The research reveals two key conclusions:
- Although general LLMs perform well in most scientific tasks, fine-tuning models with domain expert knowledge can further improve performance;
- Accelerating AI-driven scientific innovation depends not only on model scale but also on capability expansion through external tool interaction—this “agent-based AI” is becoming a new paradigm.
For required token quantities, the clinical LLM GatorTron (82 billion tokens) uses far fewer than Llama 3 (15 trillion tokens), while the imaging model RadImageNet (16 million image equivalent tokens) is only 1/375 of DALL-E (6 billion).
Furthermore, AI applications in clinical scenarios have enormous potential. Microsoft and OpenAI’s recently tested o1 model set a new record with 96.0% accuracy (a 5.8 percentage point improvement from 2023).
LLM clinical knowledge capabilities continue to improve (especially o1 equipped with real-time reasoning), but hallucinations and inconsistent multilingual performance issues remain.
In diagnostic reasoning, physicians assisted by GPT-4 achieved a diagnostic accuracy of 76%, only slightly higher than the traditional tool group (74%); but GPT-4’s independent diagnostic accuracy reached 92%, a 16 percentage point improvement over physicians without AI assistance (Figure 5.4.6). Despite AI’s excellent independent performance, diagnostic time was not significantly reduced. Subsequently, workflow restructuring, user training, and interface design are needed to transform isolated model advantages into clinical collaborative efficiency.
Over the past five years, attention to ethical issues in medical artificial intelligence has increased year by year.

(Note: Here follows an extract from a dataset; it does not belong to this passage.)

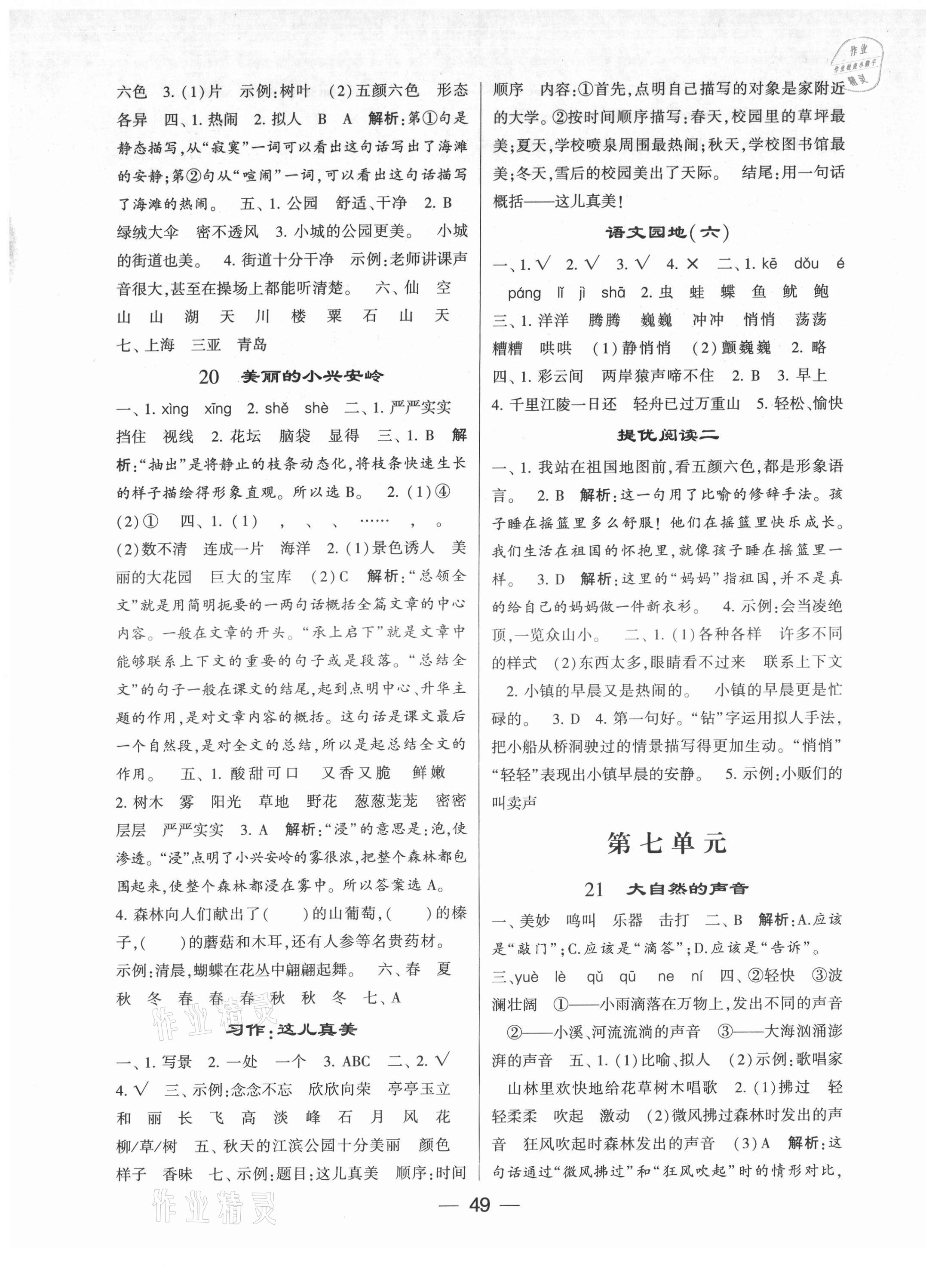 注:目前有些书本章节名称可能整理的还不是很完善,但都是按照顺序排列的,请同学们按照顺序仔细查找。练习册 2021年棒棒堂学霸提优课时作业三年级语文上册人教版江苏专版 答案主要是用来给同学们做完题方便对答案用的,请勿直接抄袭。

From 2020 to 2024, the number of publications related to ethics and medical artificial intelligence increased fourfold.
Public More Optimistic About AI Era
In 2024, 67% of respondents indicated they “have a good understanding of what AI is,” and 66% believed “AI will profoundly change their daily lives in the near future.”

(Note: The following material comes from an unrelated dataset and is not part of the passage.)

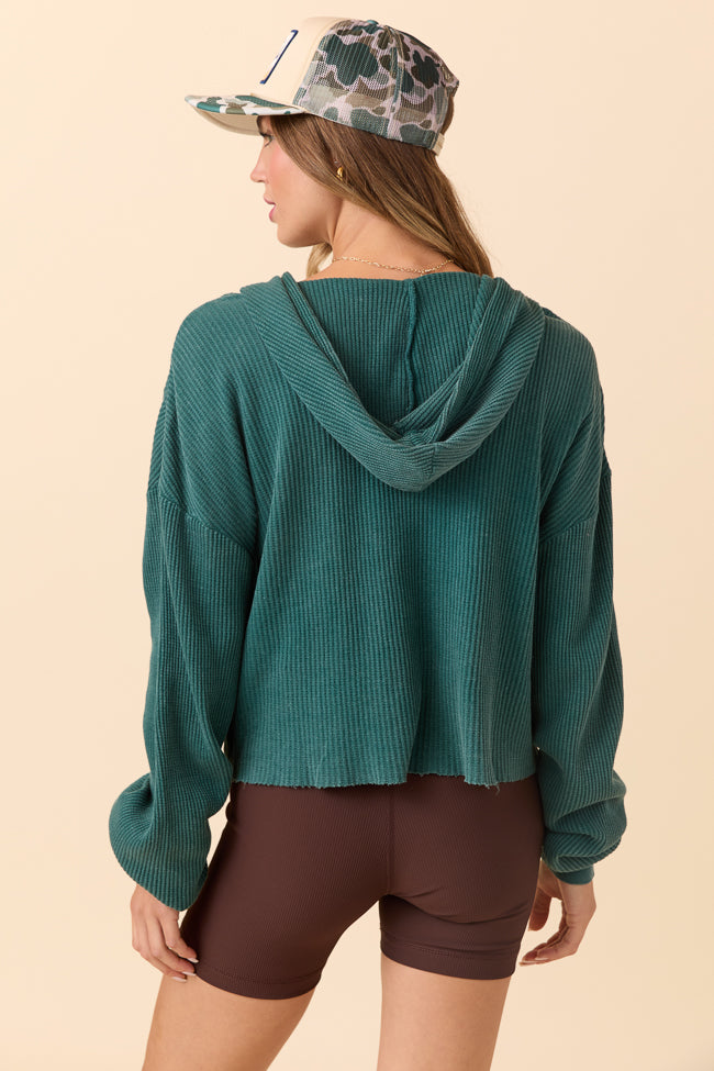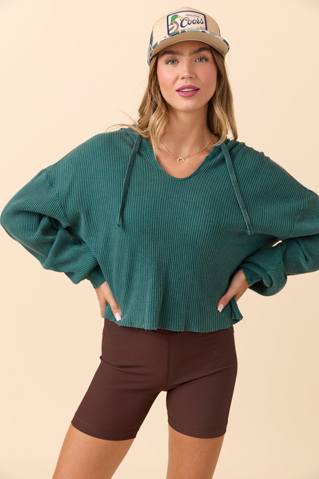 Marnie Deep Green Long Sleeve Mineral Wash Thermal Hoodie

The proportion of the global population believing AI-driven products and services “have more benefits than drawbacks” rose slightly from 52% in 2022 to 55% in 2024.

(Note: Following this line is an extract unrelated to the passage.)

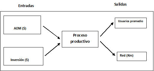 El análisis DEA se realiza teniendo en cuenta el siguiente proceso productivo: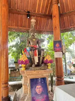 I recommend that anyone who comes to make merit can buy things from outside and bring them in. Inside, they will use a circular pattern. ✨

In surveys about AI products and services, Chinese respondents had the highest awareness, trust, and enthusiasm for AI on average. 80% of respondents indicated “these products and services make them excited.” In comparison, only 58% of US respondents believed “AI will profoundly change life in the next 3-5 years.”
Over the past year, the proportion of respondents who “trust that companies using AI will protect personal data” decreased by 3 percentage points, and those who “trust that AI won’t discriminate against or show bias toward any group” decreased by 2 percentage points.
However, there are significant regional differences in public opinion.
Respondents in Asia and Latin America are more inclined to believe AI has more benefits than drawbacks. In contrast, respondents in Europe and English-speaking countries are more skeptical. Only 46% of UK respondents and 39% of US respondents believe AI has more benefits than drawbacks.
This year’s Ipsos survey added questions about “how AI affects current work.” 60% of respondents believe “AI may change the way they work in the next five years,” and 36% (more than one-third) believe “AI may replace existing jobs in the next five years.”
Generation Z (67%) and Millennials are more likely than Generation X and Baby Boomers (49%) to agree that “AI will change the way they work.” From 2023 to 2024, the proportion of all generations agreeing with this view increased, with Millennials and Baby Boomers showing the largest increase, possibly indicating a convergence of awareness across generations.